2013-08-23 — nytimes.com
The exercise was meant to banish what Germany and other Northern European nations viewed as dirty Russian money from Cyprus's bloated banks. Instead, it has pulled Russia even deeper into Europe's financial system by giving its plutocrats majority ownership, at least on paper, of the Bank of Cyprus, the country's oldest, biggest and most important financial institution.
"Whoever controls the Bank of Cyprus controls the island," said Andreas Marangos, a Limassol lawyer whose clients include many Russians.
The biggest single chunk of shares -- around 18 percent -- is supposed to go to depositors who lost money in Cyprus's now-defunct Laiki Bank, but this stake is likely to be controlled by Cyprus's central bank. As a result of a forced conversion of Bank of Cyprus deposits into shares, however, a diverse and so far unorganized group of depositors, most of them Russians, will end up with a controlling stake.

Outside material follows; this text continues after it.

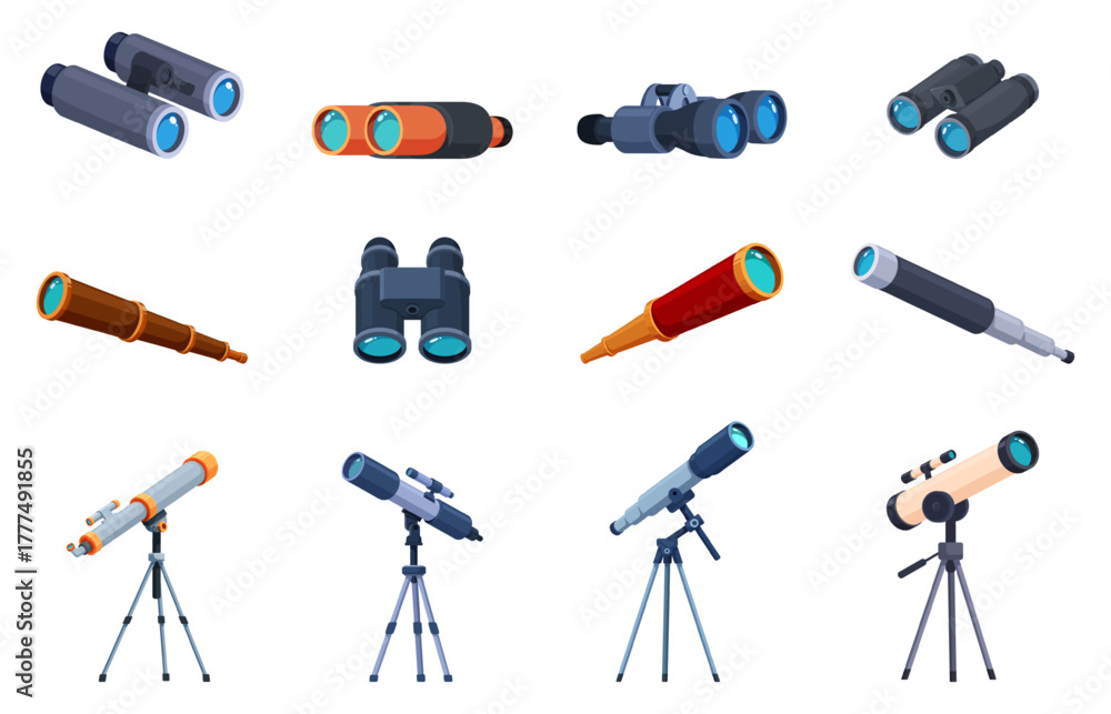 Cartoon optical devices. Binoculars and telescopes, astronomy equipment. Tools for scientific observation of people, birds, surveillance, sapid vector set #1777491855

President Anastasiades, in a June letter to the European Central Bank that pleaded for help to keep the Bank of Cyprus afloat, described it as a "mega-systemic bank" that, if it failed, could bring down the entire Cypriot economy. With 5,700 employees and around half of all the island's deposits, it dwarfs its rivals and reaches into every corner of the country through a vast network of branches, which now also includes the former offices of Laiki Bank.